Business Sale: Where do you turn when someone makes you an offer you can’t refuse?

Your business is growing nicely, profits are good and, with some simple tax planning, you enjoy a generous dividend instead of overtaxed salary. Your accounts could be easily produced on the back of a fag packet, although you have graduated recently to putting them on Sage after years of being on a spreadsheet. All is right with the world.

Then someone knocks on the door and makes you an offer which could make you and your colleagues millionaires. It sounds attractive, but when you look at the deal in more detail you realise that there is very little jam today, and that you will be giving up your independence in the hope of an earn-out in the future – and we all know that the track record on teams achieving earn-outs is pretty dismal.

This was the scenario that greeted one of our clients last September.
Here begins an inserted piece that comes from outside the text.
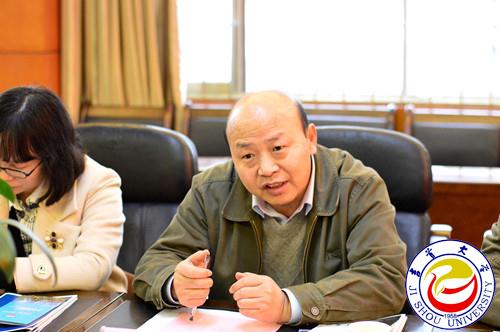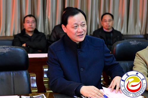 校长白晋湘致辞。他对郭昊、周尚文一行来校指导工作表示欢迎和感谢,并以党和国家领导人非常重视、拥有全国高校唯一的黄永玉艺术博物馆和沈从文纪念馆、国家社科基金排在全国前列这三大亮点,以拥有院士工作站、博士后流动站、服务国家特殊需求博士人才培养项目为代表的完整教学科研体系,入选中西部高校基础能力建设项目,服务武陵山区精准扶贫这三大标志,介绍了学校的基本情况。

Actually they weren’t a client at the time, but fortunately they knew someone who knew us. So what did we do?

First, we established that the offer had no real substance. However, we were able to identify another party in the same sector who already knew our client and was on the acquisition trail with venture capital backing.

The owners had already decided that time was right to seek the exit, so all parties quickly convened at our client’s offices. A decent cash offer was immediately tabled on the back of some robust management accounts – by that time we were five months into the current year – and, after some haggling, we got it to a very full cash offer. Not a bad morning’s work.

Then the difficulties hit. The management figures, prepared by an external accountant and believed to be actual by the owners, comprised actual revenues (which appeared to be growing nicely) but estimated costs and margins based on historic actual performance. When actual costs were subsequently produced, it transpired that actual margins had slipped significantly against historic. There was no way of comparing performance by month year on year because the accounting information simply didn’t exist in comparable form. Timing of invoicing bore no relation to the provision of the service offered. Also, it appeared that some of the previous year’s revenues had been invoiced in the current year, so actual current-year revenue was overstated.

In short, a simple due diligence cast significant doubts over the numbers to the embarrassment of the external accountant who had prepared the figures in good faith but hadn’t done any sort of audit. Much time was spent trying to get behind the figures, looking at business mix and margin by customer. All this did was reduce the buyer’s confidence in any numbers being produced.

We advised our client to break off negotiations to allow breathing space, but the purchasers were adamant that they wanted the deal. They offered a reduced but still significant cash sum, and an earn-out target over 12 months which would allow our clients to achieve the original offer and some more.

Bearing in mind the reservations regarding earn-outs, we managed to structure a ‘no-interference’ clause in the agreement. The negotiations started in September and the deal was completed just in time for Santa to deliver a seven figure sum to at least one of the vendors. That’s a fairly rapid transaction.

If the opportunity had been there, we would have done several things differently which, almost certainly, would have allowed the vendors to achieve a higher price. However, the major shareholder was keen to sell for personal reasons and was prepared to compromise more than he might have done otherwise.

A glowing testimonial
We received the following testimonial from our client.

  • Many people set out in business with the objective of selling it some time in the future. At the beginning, this scenario seems a long way off so little attention is paid to it. After all, you have a business to grow. When eventually an opportunity to sell arrives it usually takes you by surprise, so you are still unprepared. At that point – or sooner if you are better organised than we were! – you need the help of specialists. Nothing can prepare you for the roller-coaster ride that lays ahead, the game playing, the teasing, the carrots and the sticks.
  • We were fortunate to have the help of the team at EMC. Without them we would not have survived the course and clinched an acceptable deal – a deal which set a business value comparable to the hard work we had put in over the years.
  • Post-deal we continue to use EMC’s services. They are professional, courteous and friendly but, importantly, can present a firm side and tough stance during negotiations. You will need them in your corner, believe me. It is a fine line between driving a hard bargain and scaring your potential purchaser away. Even worse would be selling out too cheaply. For us the EMC people walked the tightrope, helped us to make the deal but allowed us to keep running the business throughout the negotiations. I cannot recommend them highly enough.”